【第71回】
志摩と友岡子郷
広渡敬雄
(「沖」「塔の会」)
志摩は、三重県南東部の旧国名で東海道に属し、現在の鳥羽市と志摩市に当たる下国。鮑、あらめ、貝等海産物が豊富で、朝廷や伊勢神宮に貢ぐ御食つ国であった。
志摩は島の意味で志摩半島は伊勢湾,遠州灘、熊野灘に囲まれ、リアス式海岸で荒々しく大王崎、安乘埼の展望は雄大で、海の難所でもあり、戦国時代は九鬼水軍の拠点。内湾は穏やかで真珠養殖が盛んで、志摩スペイン村も名高い。海女は外海の波切、和具等に多い。
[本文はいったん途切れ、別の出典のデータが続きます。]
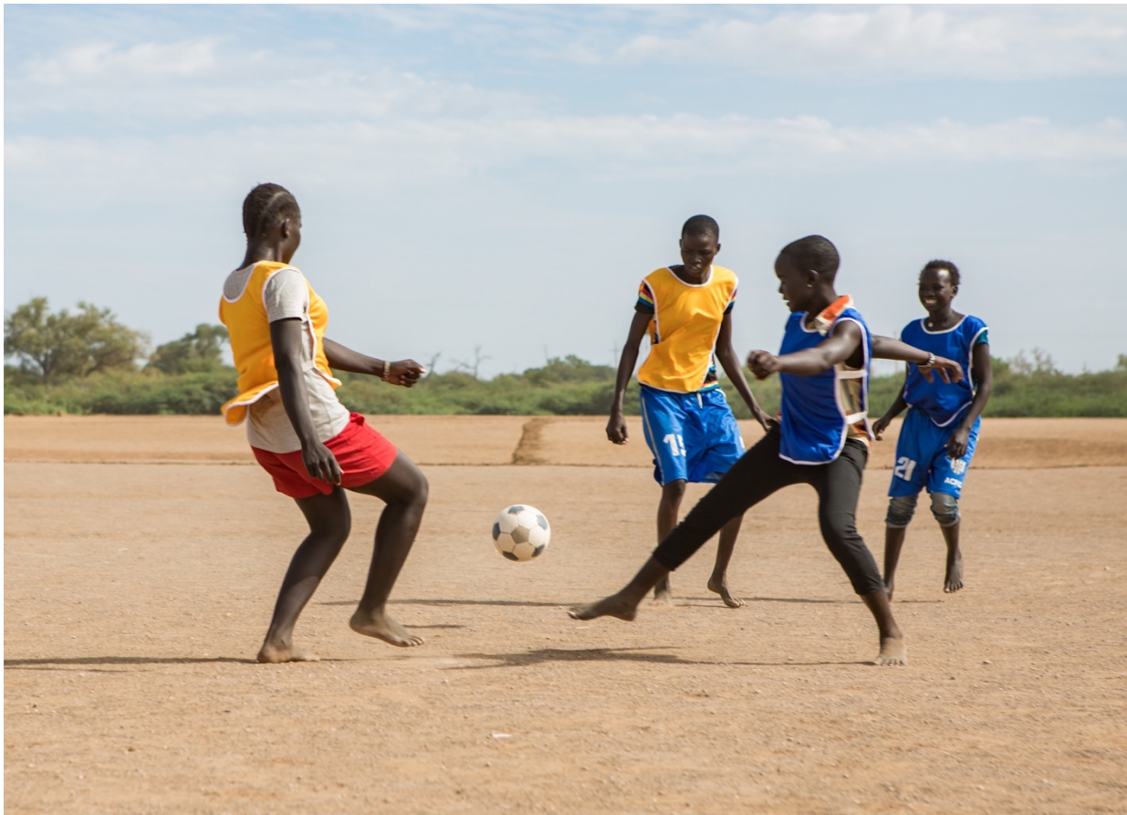
Figure 3: Youth playing football in Kakuma Camp, Kenya
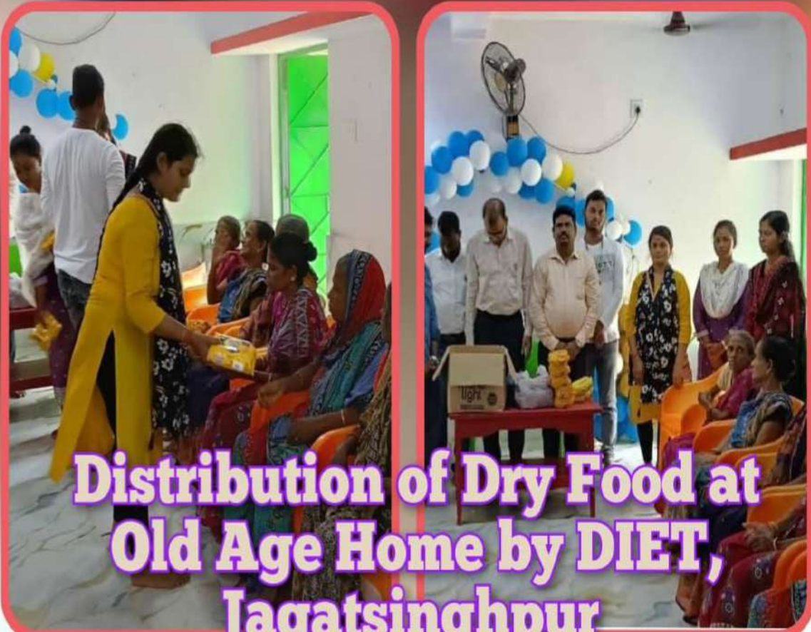
Distribution of Dry Food at Old Age Home by DIET, Jagatsinghpur

南国から黒潮に乗ってアサギマダラが渡来し、古くから安乘文楽も知られる。
ただひとりにも波は来る花ゑんど 友岡子郷
海女とても陸こそよけれ桃の花 高浜虚子
難所とはいつも白波夏衣 大峯あきら
牡蠣筏こゝの入江の潮満つ 嶋田青峰
南風吹けば海壊れると海女歎く 橋本多佳子
志摩の海霞みて渚澄みにけり 榎本冬一郎
ほんだはら潰し尽くしてからなら退く 飯島晴子
鰯雲大王崎へ漕ぎ出んか 橋本鶏二
黒潮の大きく蛇行蝶渡る 広渡敬雄
文楽の安乗の宿の温め酒 橋本石火
〈花ゑんど〉の句は、平成七年作で、第六句集『翌』に収録。阪神淡路大震災のあと,震禍の街を離れたくなり、仲間と行った安乗埼での作、晩春の穏やかな自然があったと述懐する。「この充足の孤影に俳句と共に生きた勇者の姿を重ね、静かに静かに拍手を送る」(寺井谷子)、「この句の「ひとり」のひとりとしてこの句に励まされ、花ゑんどの可憐さに慰められる」(川崎雅子)、「「ひとり」は多くの人の孤に通じる」(井上康明)、「故郷いわき市は東日本大震災の津波で多くの人を亡くし、以来大好きな海が怖いと思うようになったが、この「花ゑんど」の明るさに救われた」(駒木根淳子)等の鑑賞がある。